_Task statement_
Please write out the data below once more, exactly as it stands.

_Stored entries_
--- START ---
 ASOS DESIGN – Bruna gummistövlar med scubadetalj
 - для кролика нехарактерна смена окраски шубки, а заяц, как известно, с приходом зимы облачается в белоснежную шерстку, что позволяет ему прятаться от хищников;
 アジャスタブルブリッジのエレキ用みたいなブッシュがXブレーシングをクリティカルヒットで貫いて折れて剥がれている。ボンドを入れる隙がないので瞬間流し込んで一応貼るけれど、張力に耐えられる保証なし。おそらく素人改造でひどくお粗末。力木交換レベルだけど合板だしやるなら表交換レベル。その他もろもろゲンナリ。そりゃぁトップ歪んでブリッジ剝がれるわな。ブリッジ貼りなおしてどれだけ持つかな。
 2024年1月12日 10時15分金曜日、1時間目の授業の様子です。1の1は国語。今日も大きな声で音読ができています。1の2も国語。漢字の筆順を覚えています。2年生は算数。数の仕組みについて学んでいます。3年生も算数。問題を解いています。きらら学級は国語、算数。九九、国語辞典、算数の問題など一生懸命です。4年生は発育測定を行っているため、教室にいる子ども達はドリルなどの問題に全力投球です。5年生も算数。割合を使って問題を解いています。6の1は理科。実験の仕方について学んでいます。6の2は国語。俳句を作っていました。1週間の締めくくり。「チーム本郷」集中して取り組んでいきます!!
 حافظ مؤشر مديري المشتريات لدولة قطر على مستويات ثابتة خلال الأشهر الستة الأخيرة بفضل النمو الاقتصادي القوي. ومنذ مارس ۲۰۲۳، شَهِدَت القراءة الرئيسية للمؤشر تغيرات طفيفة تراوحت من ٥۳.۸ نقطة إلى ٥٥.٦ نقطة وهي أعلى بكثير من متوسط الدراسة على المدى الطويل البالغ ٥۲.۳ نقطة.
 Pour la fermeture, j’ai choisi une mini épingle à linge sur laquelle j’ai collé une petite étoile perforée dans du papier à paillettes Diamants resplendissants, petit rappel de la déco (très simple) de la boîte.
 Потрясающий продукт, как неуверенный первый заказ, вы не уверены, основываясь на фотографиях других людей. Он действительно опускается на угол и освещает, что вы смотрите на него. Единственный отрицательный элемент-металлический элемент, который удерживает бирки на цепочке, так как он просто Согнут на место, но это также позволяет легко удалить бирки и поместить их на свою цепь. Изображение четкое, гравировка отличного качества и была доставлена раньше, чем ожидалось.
--- END ---
_Solution below_
 ASOS DESIGN – Bruna gummistövlar med scubadetalj
 - для кролика нехарактерна смена окраски шубки, а заяц, как известно, с приходом зимы облачается в белоснежную шерстку, что позволяет ему прятаться от хищников;
 アジャスタブルブリッジのエレキ用みたいなブッシュがXブレーシングをクリティカルヒットで貫いて折れて剥がれている。ボンドを入れる隙がないので瞬間流し込んで一応貼るけれど、張力に耐えられる保証なし。おそらく素人改造でひどくお粗末。力木交換レベルだけど合板だしやるなら表交換レベル。その他もろもろゲンナリ。そりゃぁトップ歪んでブリッジ剝がれるわな。ブリッジ貼りなおしてどれだけ持つかな。
 2024年1月12日 10時15分金曜日、1時間目の授業の様子です。1の1は国語。今日も大きな声で音読ができています。1の2も国語。漢字の筆順を覚えています。2年生は算数。数の仕組みについて学んでいます。3年生も算数。問題を解いています。きらら学級は国語、算数。九九、国語辞典、算数の問題など一生懸命です。4年生は発育測定を行っているため、教室にいる子ども達はドリルなどの問題に全力投球です。5年生も算数。割合を使って問題を解いています。6の1は理科。実験の仕方について学んでいます。6の2は国語。俳句を作っていました。1週間の締めくくり。「チーム本郷」集中して取り組んでいきます!!
 حافظ مؤشر مديري المشتريات لدولة قطر على مستويات ثابتة خلال الأشهر الستة الأخيرة بفضل النمو الاقتصادي القوي. ومنذ مارس ۲۰۲۳، شَهِدَت القراءة الرئيسية للمؤشر تغيرات طفيفة تراوحت من ٥۳.۸ نقطة إلى ٥٥.٦ نقطة وهي أعلى بكثير من متوسط الدراسة على المدى الطويل البالغ ٥۲.۳ نقطة.
 Pour la fermeture, j’ai choisi une mini épingle à linge sur laquelle j’ai collé une petite étoile perforée dans du papier à paillettes Diamants resplendissants, petit rappel de la déco (très simple) de la boîte.
 Потрясающий продукт, как неуверенный первый заказ, вы не уверены, основываясь на фотографиях других людей. Он действительно опускается на угол и освещает, что вы смотрите на него. Единственный отрицательный элемент-металлический элемент, который удерживает бирки на цепочке, так как он просто Согнут на место, но это также позволяет легко удалить бирки и поместить их на свою цепь. Изображение четкое, гравировка отличного качества и была доставлена раньше, чем ожидалось.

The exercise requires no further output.